=== GIVEN RECORDS ===
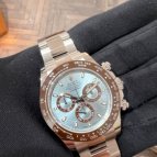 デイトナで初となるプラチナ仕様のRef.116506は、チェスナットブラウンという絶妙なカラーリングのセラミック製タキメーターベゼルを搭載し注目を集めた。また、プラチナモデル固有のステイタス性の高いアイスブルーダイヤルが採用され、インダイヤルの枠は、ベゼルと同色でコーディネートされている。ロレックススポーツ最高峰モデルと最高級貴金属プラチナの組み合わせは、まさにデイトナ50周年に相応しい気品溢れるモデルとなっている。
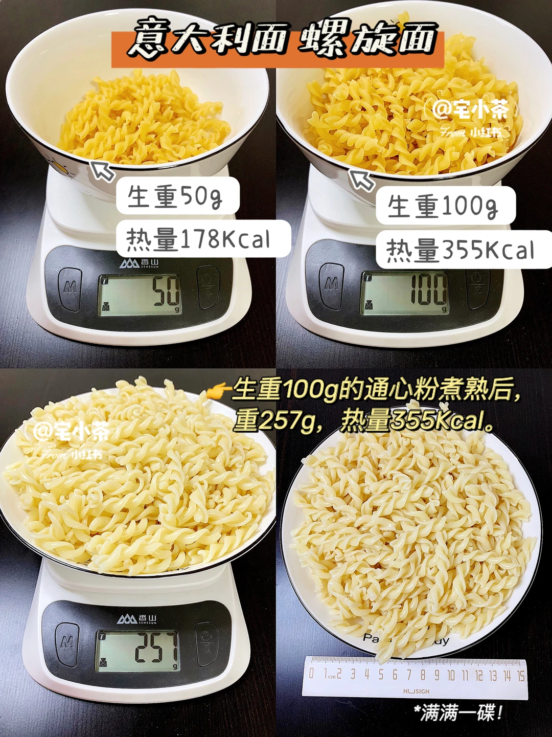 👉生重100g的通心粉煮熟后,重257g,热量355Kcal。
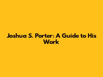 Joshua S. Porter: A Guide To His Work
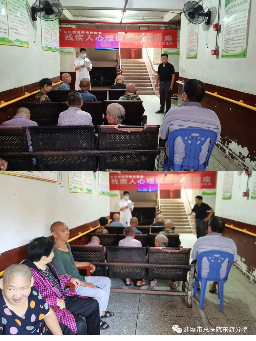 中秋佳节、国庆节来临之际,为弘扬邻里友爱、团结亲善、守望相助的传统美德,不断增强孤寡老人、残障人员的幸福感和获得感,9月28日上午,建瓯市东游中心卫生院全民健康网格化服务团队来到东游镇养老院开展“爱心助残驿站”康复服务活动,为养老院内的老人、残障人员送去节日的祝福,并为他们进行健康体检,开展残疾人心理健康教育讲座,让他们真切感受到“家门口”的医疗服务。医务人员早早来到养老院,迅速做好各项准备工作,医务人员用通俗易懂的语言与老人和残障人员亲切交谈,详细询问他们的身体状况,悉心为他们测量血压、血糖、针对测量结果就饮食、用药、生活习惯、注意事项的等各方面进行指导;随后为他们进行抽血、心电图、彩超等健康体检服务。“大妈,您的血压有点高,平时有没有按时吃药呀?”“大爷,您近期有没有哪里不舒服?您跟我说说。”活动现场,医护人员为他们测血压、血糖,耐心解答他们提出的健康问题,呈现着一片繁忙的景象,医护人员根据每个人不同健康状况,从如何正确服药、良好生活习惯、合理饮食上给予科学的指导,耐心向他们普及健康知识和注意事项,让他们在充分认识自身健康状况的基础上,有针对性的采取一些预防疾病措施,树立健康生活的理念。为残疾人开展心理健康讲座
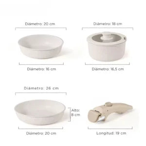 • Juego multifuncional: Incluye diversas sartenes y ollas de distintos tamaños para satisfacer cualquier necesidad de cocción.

---

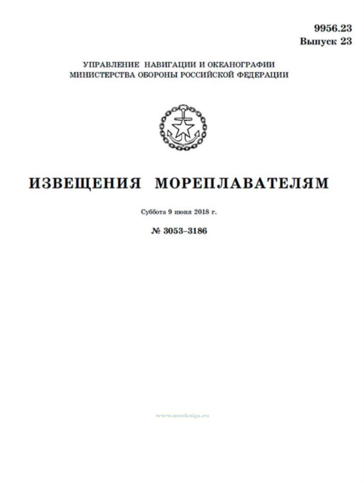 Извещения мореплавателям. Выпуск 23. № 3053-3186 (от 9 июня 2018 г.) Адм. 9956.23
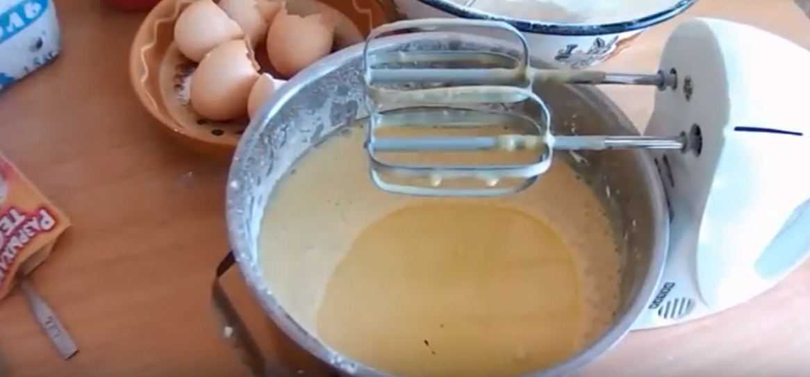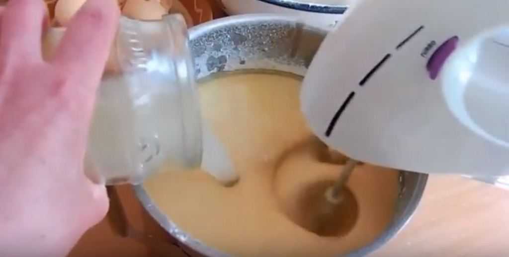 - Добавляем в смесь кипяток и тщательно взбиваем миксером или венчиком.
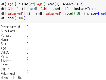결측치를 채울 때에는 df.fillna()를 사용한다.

=== YOUR GOAL ===
Would you output the lines above from the line holding "デイトナで初となるプラチナ仕" up to and including the line holding "necesidad de cocción.", exactly and only those, with no pictures?

=== ANSWER TO THIS EXERCISE ===
 デイトナで初となるプラチナ仕様のRef.116506は、チェスナットブラウンという絶妙なカラーリングのセラミック製タキメーターベゼルを搭載し注目を集めた。また、プラチナモデル固有のステイタス性の高いアイスブルーダイヤルが採用され、インダイヤルの枠は、ベゼルと同色でコーディネートされている。ロレックススポーツ最高峰モデルと最高級貴金属プラチナの組み合わせは、まさにデイトナ50周年に相応しい気品溢れるモデルとなっている。
 👉生重100g的通心粉煮熟后,重257g,热量355Kcal。
 Joshua S. Porter: A Guide To His Work
 中秋佳节、国庆节来临之际,为弘扬邻里友爱、团结亲善、守望相助的传统美德,不断增强孤寡老人、残障人员的幸福感和获得感,9月28日上午,建瓯市东游中心卫生院全民健康网格化服务团队来到东游镇养老院开展“爱心助残驿站”康复服务活动,为养老院内的老人、残障人员送去节日的祝福,并为他们进行健康体检,开展残疾人心理健康教育讲座,让他们真切感受到“家门口”的医疗服务。医务人员早早来到养老院,迅速做好各项准备工作,医务人员用通俗易懂的语言与老人和残障人员亲切交谈,详细询问他们的身体状况,悉心为他们测量血压、血糖、针对测量结果就饮食、用药、生活习惯、注意事项的等各方面进行指导;随后为他们进行抽血、心电图、彩超等健康体检服务。“大妈,您的血压有点高,平时有没有按时吃药呀?”“大爷,您近期有没有哪里不舒服?您跟我说说。”活动现场,医护人员为他们测血压、血糖,耐心解答他们提出的健康问题,呈现着一片繁忙的景象,医护人员根据每个人不同健康状况,从如何正确服药、良好生活习惯、合理饮食上给予科学的指导,耐心向他们普及健康知识和注意事项,让他们在充分认识自身健康状况的基础上,有针对性的采取一些预防疾病措施,树立健康生活的理念。为残疾人开展心理健康讲座
 • Juego multifuncional: Incluye diversas sartenes y ollas de distintos tamaños para satisfacer cualquier necesidad de cocción.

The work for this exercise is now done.